* American banking groups have strongly criticized the Office of the Comptroller of the Currency (OCC) for approving national trust charters for several crypto companies.
* They say that charters provide a status similar to banks without coverage from the Federal Deposit Insurance Corporation (FDIC) or full capital and liquidity requirements.
* These groups warn that this may confuse consumers, encourage regulatory arbitrage, and leave regulators unprepared to deal with any failures in the sector.
The American banking industry challenged the Coordinator's approach from the Office of the Comptroller of the Currency (OCC). This resistance targets the regulatory body's efforts to integrate cryptocurrency firms into the federal banking system.
On December 12, the OCC issued conditional approval for a national trust charter for five digital asset companies, including Ripple, Fidelity, Paxos, the First National Digital Currency Bank, and BitGo. The banking regulator confirmed that digital currency applicants underwent the same "rigorous review" required of any applicant for a national bank charter.
The American banking industry challenges the OCC's move
However, the American Bankers Association (ABA) and the Independent Community Bankers of America (ICBA) argue that the OCC's actions create a two-tier banking system.

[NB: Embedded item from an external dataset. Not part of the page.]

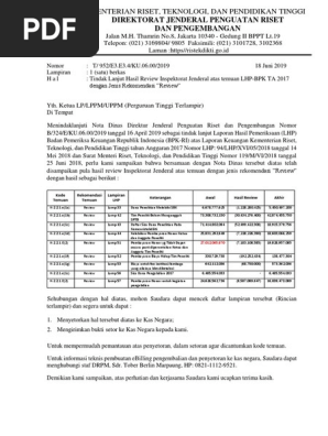 Tindak Lanjut Hasil Review Inspektorat Jenderal Atas Temuan Lhp Bpk Ta 2017 Pdf Pdf

Their central claim is that fintech and cryptocurrency companies are granted prestigious national charters without carrying federal deposit insurance (FDIC) coverage or meeting the traditional capital and liquidity standards required from full-service banks.
The groups argue that this structure encourages what they describe as regulatory arbitrage at the federal level. By obtaining a national charter, cryptocurrency companies can benefit from the federal prohibition on state money transmission laws. At the same time, they avoid many compliance obligations that apply to insured depository institutions.
Rob Nichols, head of the Applied Behavior Agency, said that approvals "blur the lines" of what constitutes a bank. He also asserts that this erosion of definitions risks undermining the integrity of the charter itself.
In her opinion, expanding the powers of the secretariat for companies that do not perform traditional credit duties creates a class of institutions that resemble banks in name and scope but lack similar oversight.
In addition to competitive concerns, banking groups warn that consumers may have difficulty distinguishing between insured banks and national entities that hold large amounts of uninsured digital assets. They argue that the open oversight office has not adequately explained how it would manage the failure of such an entity, especially if it holds billions of dollars in digital assets outside the traditional safety net.
ICBA wants to halt the charter
The International Council of Legal Oversight also challenged the legal authority of the Office of Legal Oversight in issuing the charter. The group focused its criticism on Interpretive Letter No. 1176. This guidance allowed fund banks to engage in non-credit activities such as holding reserves of stablecoins.
Rebecca Romero Rainey, chairwoman of the International Council of ISBAN, described this move as a "radical political change" that extends beyond its historical goal. She added: "The dramatic change in OCC policy under Interpretive Letter #1176 represents a departure from the role of traditional credit companies and allows for an inconsistent regulatory framework that threatens financial instability — requiring the agency to change course."
The group argues that the cooperative consumer office effectively allows non-bank fintech companies to borrow the credibility of the American banking system while avoiding the "full scope" of regulations imposed on insured institutions.
In light of this, both trade groups called for an immediate halt and rescission of approvals. They warn that the current framework may produce institutions that the Cooperative Coordination Office "will not be prepared to resolve in an orderly manner," and that such a failure could leave traditional banks and the broader financial system exposed.